Cinema | August 25th, 2025
By Greg Carlson
There are so many memorable moments in the short life of musician Jeff Buckley that filmmaker Amy J. Berg could easily have gotten lost in an endless highlight reel. The veteran documentarian, whose feature debut “Deliver Us From Evil” (2006) received an Oscar nomination, focuses instead on the core relationships in her fascinating subject’s orbit, constructing a detailed portrait that will satisfy longtime fans and make believers out of the previously uninitiated. In “It’s Never Over, Jeff Buckley” (the title a reference to “Lover, You Should’ve Come Over,” one of several masterworks from Buckley’s first and only studio album) Berg recognizes and honors the artist’s communion with the feminine by placing a trio of women at the heart of the film.
Berg reports that she pursued Buckley’s mother Mary Guibert for close to twenty years. And I trust Guibert knows that she made the right decision to finally accept Berg into her life and agree to sit for on-camera interviews and open up her personal archive, for the result is as moving and personal as any narrative, in fiction or lived reality, concerning the iron bond between a single mom and her child. Guibert, a first-generation immigrant, met Tim Buckley in a high school French class not far from the gates of Disneyland in Anaheim, California. And even though Guibert speaks fondly of the unique and electric connection she felt with the pre-fame singer-songwriter, she refuses to sugarcoat the pain that radiated from Tim’s decision to have no part in raising Jeff.
Even so, the shadow of Tim Buckley, who died of a heroin overdose at the age of 28, looms large throughout the young life of his gifted son. Their paths would cross for just the briefest flicker of time in 1975 when Jeff was 8 years old. Berg handles the younger Buckley’s confusion and yearning, along with Mary’s trepidation and skepticism, with a potent shot of the matchbook cover on which Tim wrote down his phone number for his estranged kid only a couple weeks before he would be dead. Later, as Jeff put in the work to sharpen his own prodigious talent, the desire to avoid direct comparisons to Tim comes to a head before Jeff’s decision to accept producer Hal Willner’s invitation to perform at the “Greetings From Tim Buckley” tribute show in 1991.

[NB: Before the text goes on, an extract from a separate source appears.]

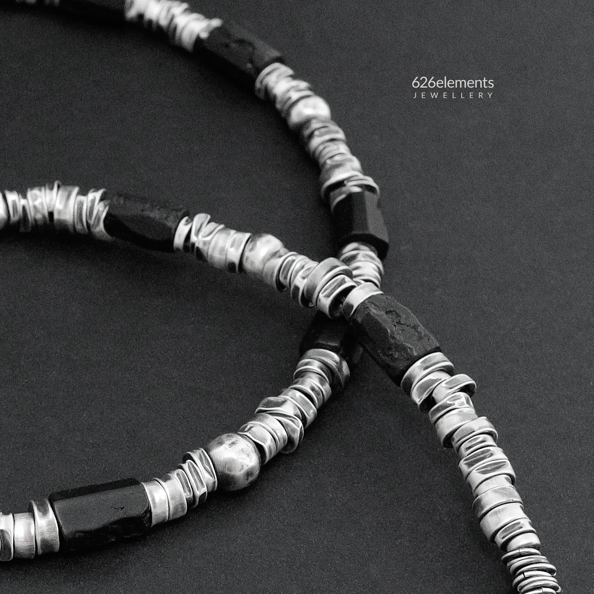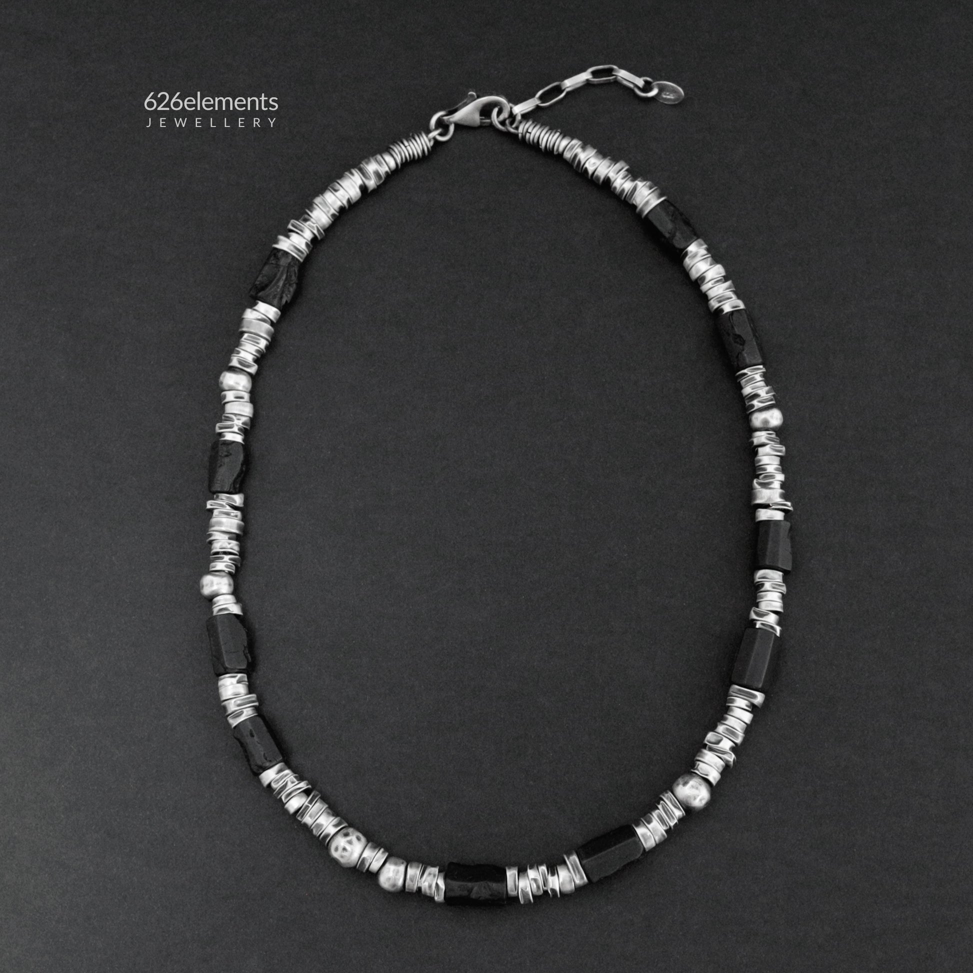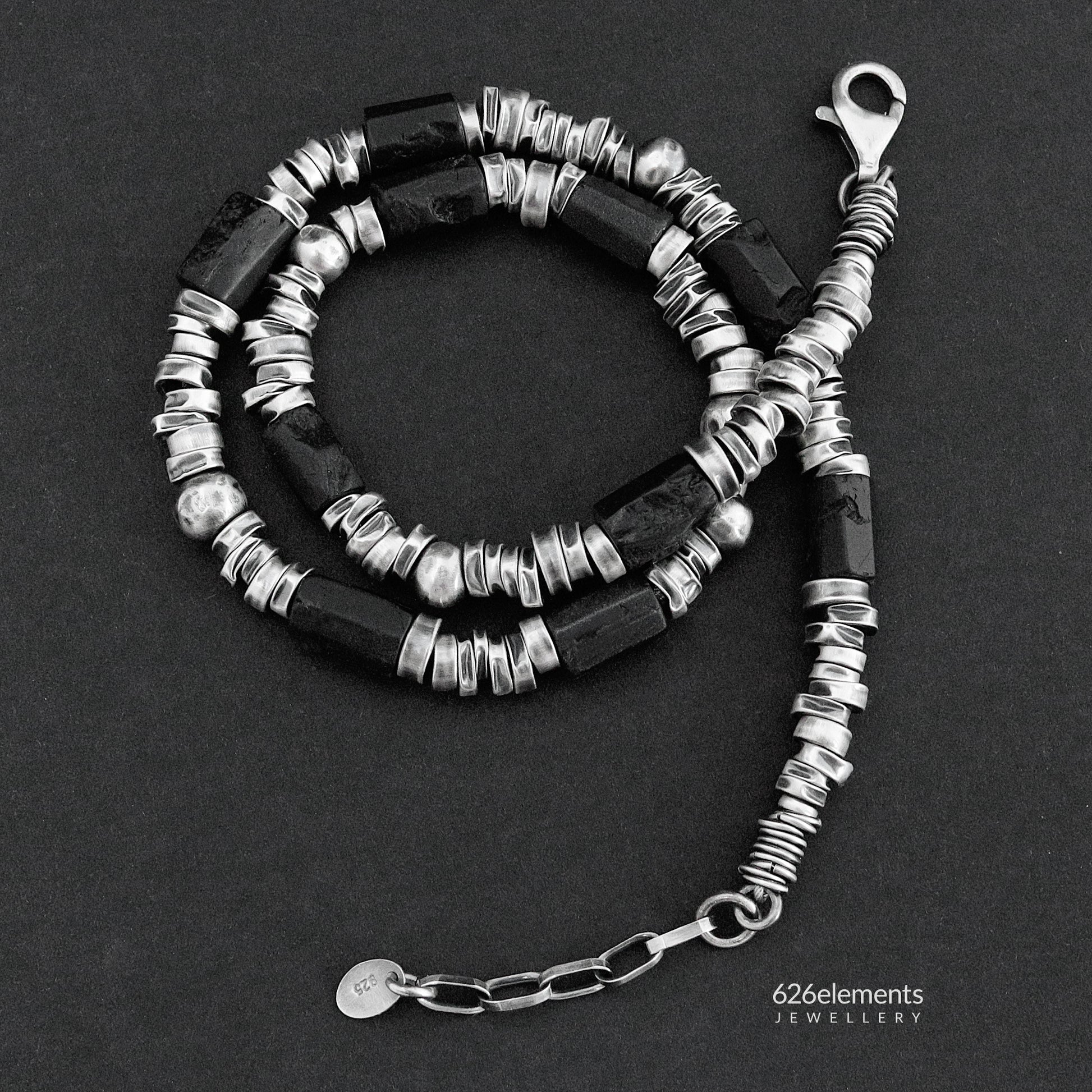 - Black tourmaline and oxidised (darkened and polished) 925 sterling silver necklace

Along with Guibert, artists Rebecca Moore and Joan Wasser offer exacting insights. Berg limits the total number of interview subjects to a carefully chosen handful, including Michael Tighe, Ben Harper, Aimee Mann, and Matt Johnson, but the director capitalizes on the many ways that the close partnerships Buckley enjoyed with Moore and Wasser influenced his music. Of course, Guibert undoubtedly helped cultivate Jeff’s ear by exposing him to all kinds of incredible recordings. We get a crystal understanding of exactly how Buckley would aspire to be like Nina Simone and Judy Garland as much as Robert Plant (and unless you are made of stone, have tissues ready when Wasser recounts a meeting between Jeff and Nusrat Fateh Ali Khan).
Berg also spends just the right amount of time unpacking the transcendence of Buckley’s most-played recording: the phenomenal cover of “Hallelujah” that would mark Leonard Cohen’s original with the same kind of indelible stamp made by Sinead O’Connor’s version of “Nothing Compares 2 U,” Johnny Cash’s take on “Hurt” and Jimi Hendrix’s rendition of “All Along the Watchtower.” From beginning to end, Berg reveals herself as a genuine admirer and scholar, evidenced in part by the fulfilling title, which in most other iterations of the multiverse would have used some variation of “Grace.” On my way in to see the film, my friend Nicole commented, “We know how it ends.” But like thousands of others, we will never stop listening.